Один из этих мудрецов ( на голове у него была намотана шелковая тряпка и я любил незаметно засовывать туда лягушат и тритонов из замкового пруда) говорил, что земля имеет форму двух соединенных тарелок и солнце каждый вечер уходит за их край , чтобы светить людям на другой половине. Те люди, по словам этого мудреца, имеют черную кожу, круглый год ходят голыми и только носят на талии и на шее много-много бус. Я сделал такие из рябины, боярышника и шиповника, и вымазался в саже с ног до головы, и когда мудрец снова явился ко мне, спросил его, похож ли я на человека с другой стороны земли. Представляешь, он даже не засмеялся. Он велел мне пойти и одеться, а когда я отказался, то дал мне один из своих листочков и потребовал, чтобы я «прикрыл свой срам». Я честно хотел выполнить его распоряжение и сделал такой фунтик, но он никак не хотел держаться и все время сваливался, а мудрец шипел и плевался, как масло, попавшее на горячую плиту. У этих мудрецов все-таки что-то не в порядке с головой – я всегда говорил. Им надо пить больше вина и почаще ходить на карнавалы… Второй мудрец был похож на осенний стручок желтой акации и мне всегда казалось, что я слышу, как стучат друг об друга его кости. Он утверждал, что солнце садится в Великий океан и там отдыхает всю ночь в прекрасных бирюзовых покоях. Тот мудрец был такой старый и говорил таким шелестящим голосом, что я никогда не мог дослушать его до конца и всегда засыпал… А у третьего сбоку от ноздри висело маленькое золотое колечко. Он был черный и нервный как самтаранская кобыла, и когда что-нибудь объяснял, всегда бегал вокруг меня, и мне приходилось вертеть шеей, а потом идти в термы и просить кого-нибудь, чтобы мне растирали спину и плечи, потому что иначе наутро они начинали дико болеть. Я пробовал бегать рядом с ним, но он почему-то очень сердился… Так вот он говорил, что земля круглая как яблоко и просто так висит между звезд, а солнце крутится вокруг нее, как шарик на веревочке в той игре, в которую я играл в детстве, но сейчас позабыл…
– Так и как ты считаешь, – не выдержала Альбина. – Кто же из мудрецов был прав?
– А мне-то откуда знать? – Тамариск недоуменно пожал плечами. – Я никогда и не думал об этом. Мне только хотелось как-нибудь развлечься. И однажды я сказал деду, что хочу поточнее разобраться в нескольких вопросах, а для этого мне нужно встретиться со всеми тремя мудрецами разом. Дед, конечно, страшно обрадовался открывшейся у меня тяге к мудрости и на все согласился.

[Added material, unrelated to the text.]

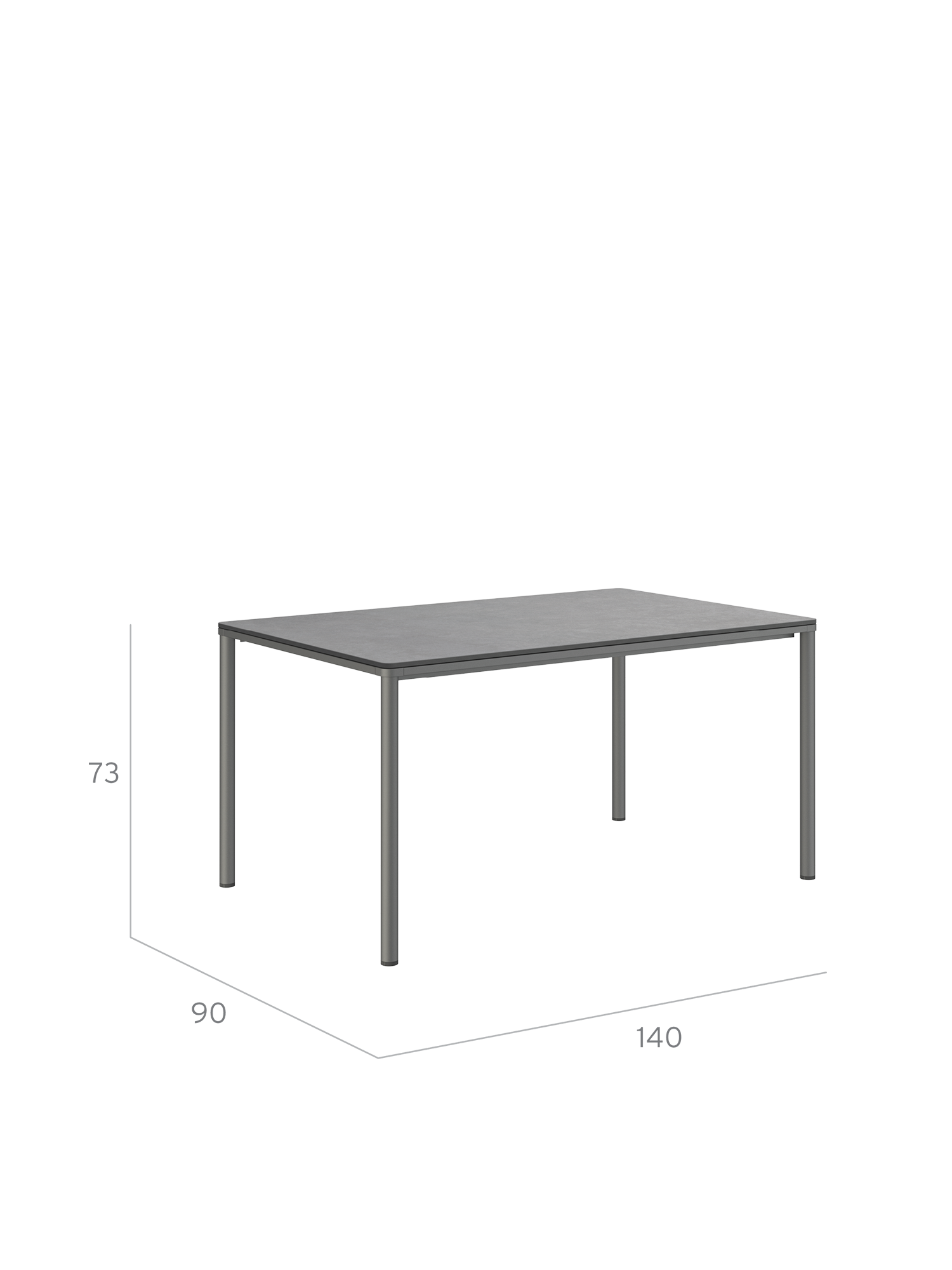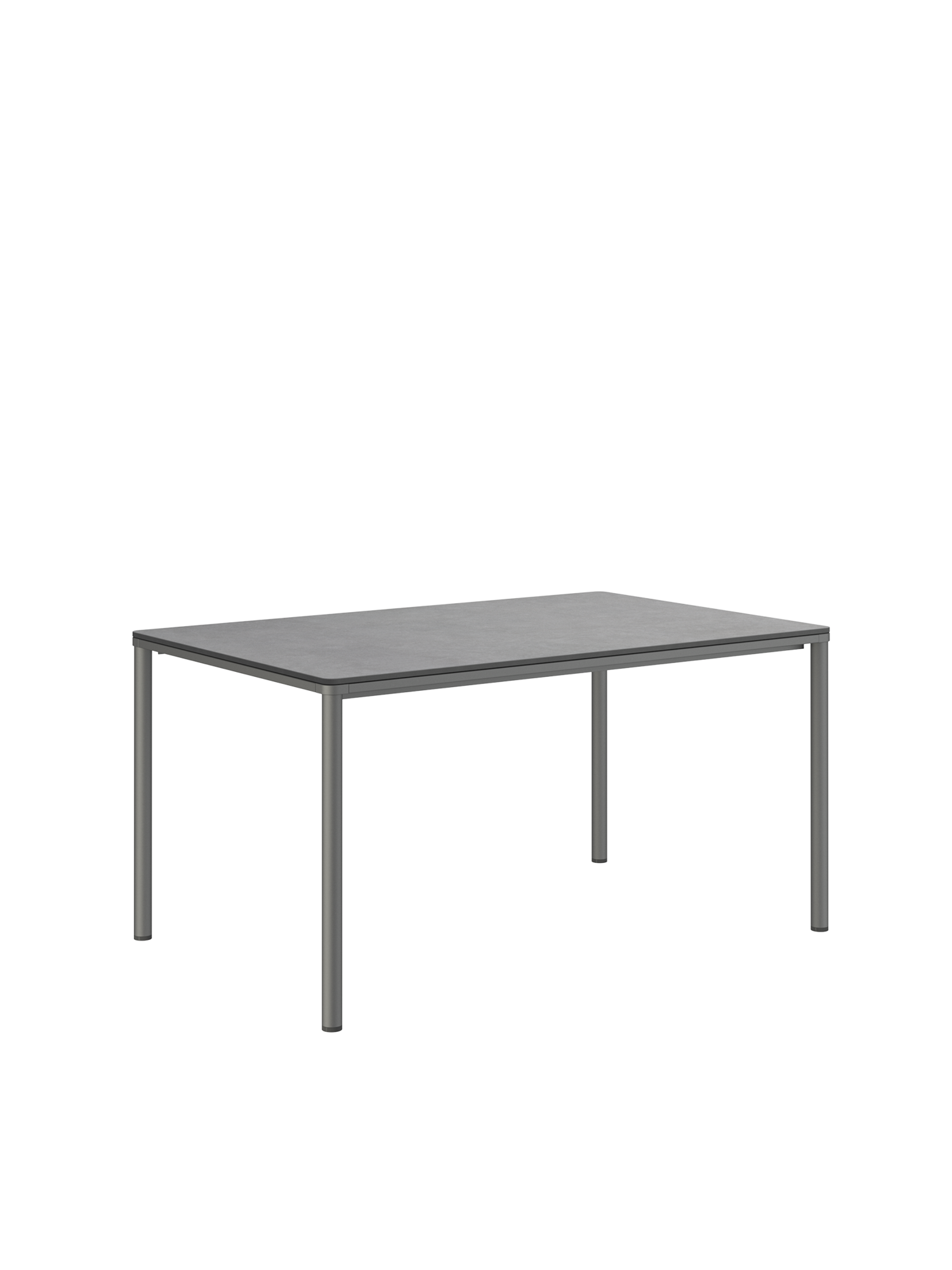 Eine umlaufende Zarge mit sanfter Rundung prägt das Design der Portland Tische. Sie sind der elegante Mittelpunkt jeder Gesellschaft. Die großzügigen Tischplatten aus dunklem Kunstharz ruhen auf vier schlanken Beinen, das graphitgrau pulverbeschichtete Edelstahlgestell harmoniert besonders mit Stühlen aus gleichem Material.

А чтобы ты поняла, скажу, что все три мудреца прибыли из разных стран, жили в разных покоях и каждый имел своих учеников, которым он свою мудрость передавал. И даже гуляли они в разных частях парка. И вот когда все трое сошлись в моей комнатушке, я напустил на себя самый смиренный вид, какой только сумел, и сказал, что, поскольку все они говорят разное по одному и тому же вопросу, то мой слабый ум не может постичь истину, и я хотел бы, чтобы они поговорили между собой в моем присутствии. Тогда я смогу сравнить истины между собой и выбрать наидостойнейшую. А в конце я, как бы между прочим, намекнул, что дед с нетерпением ждет моего мнения о том, какой же из мудрецов мне больше подходит в качестве учителя…
Слушай,
Привыкнув, однажды Тамариск заговорил с ней сам, и именно о том предмете, о котором ей хотелось слушать.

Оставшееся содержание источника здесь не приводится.